HiFX comments on the ECB’s interest rate decision
Andy Scott, associate director of FX advisory services at foreign currency specialists, HiFX, commenting on the ECB’s interest rate decision, said: “The euro fell sharply this Thursday following a series of measures announced by the European Central Bank aimed at staving off the threat of deflation, boosting credit availability and economic activity in the Eurozone. Firstly it announced a cut in the main and marginal lending rates to 0.15% and 0.4% along with the more controversial decision to cut the deposit rate to -0.10%, meaning banks will be charged to deposit funds with the central bank overnight. These cuts were widely expected by the market and had little effect- in fact the euro rose briefly. The sharp fall came as a result of the additional measures announced at the press conference which include a €400bn four year LTRO, offering banks financing against certain assets that have become less liquid or harder to sell, as well as ending sterilisation of its of its Securities Market Programme so that they are adding money into the market when they buy sovereign bonds. This is a big step towards outright quantitative easing and the ECB said it is making preparatory steps for an asset purchase programme. With plenty of evidence that price pressures are going to continue to remain on the downside in the current environment of subdued growth and high levels of unemployment, it revised down its inflation forecast for this year to 0.7% (the current rate is 0.5%) and next year to 1.1%.

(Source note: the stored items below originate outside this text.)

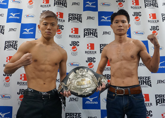 セミの日本ミニマム級王座決定戦は、同級1位の重岡優大(ワタナベ)が47.5キロ、2位の仲島辰郎(平仲BS)が47.4キロでリミットの47.6キロをクリアした。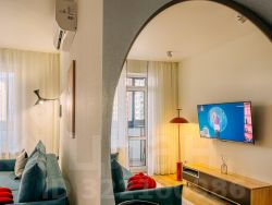 Комфорт. Мощный кондиционер .Два больших шкафа - они нужны для ваших вещей. Питьевая вода из фильтра с обратным осмосом - уже есть на кухне. Чай, кофе, специи - уже в квартире.Бесплатный Wi-Fi, SMART TV, Кинопоиск. Утюг и гладильная доска.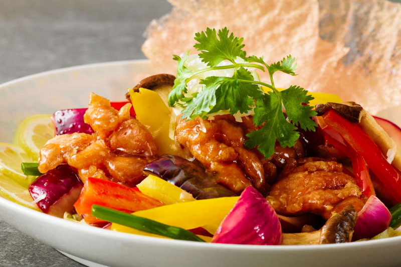 旨味の強い秋鮭を華揚げにし、旬のキノコと特製ソースで炒めています。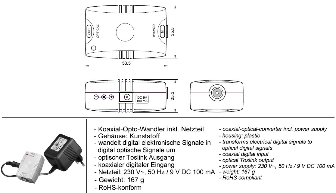 Převádí digitální koaxiální signál (coaxial SPDIF) s konektorem RCA(cinch) na optický digitální signál (Toslink)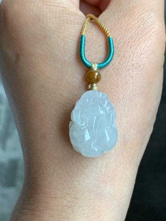 Natural Translucent & Gelatinous Icy White Jadeite Pixiu Pendant Rope Necklace 24" Adjustable 天然白冰胶翡翠貔貅吊坠项链

“Clearly the ECB felt that having waited as long as it has to act against the threat of continued below target inflation/deflation, it needed to use almost every instrument available to show it means business. The market was caught somewhat by surprise and there’s little doubt that was partly intended since a factor in the ECB’s policy actions is the value of the euro, which has remained high despite the ECB signaling last month that it was planning to ease at today’s meeting. Markets anticipate events and assets, in this the euro, will be priced accordingly. By surprising the market they have driven the euro lower even though they would never admit to that being a specific goal. The pressure has been building for some time now and this was its chance to respond to politicians and the IMF who have called on the ECB to do more to boost growth and lending as the majority of Eurozone economies lag behind the U.K. and U.S. who are expected to see growth of around 3% this year. And as Draghi said, the ECB is not finished yet so we may see it go down the route the Federal Reserve, Bank of England and Bank of Japan all have taken and do its own quantitative easing programme. I suspect that it will see how the next few months’ inflation and growth figures pan out before pushing the button on such a dramatic measure. For now, it has done quite a bit to try and turn the fortunes of the Eurozone economies around. It’s over to the European banks to lend, the consumers to spend and the companies to invest to do the rest. At the time of writing the euro had fallen by three quarters of one percent against both the pound and the dollar.”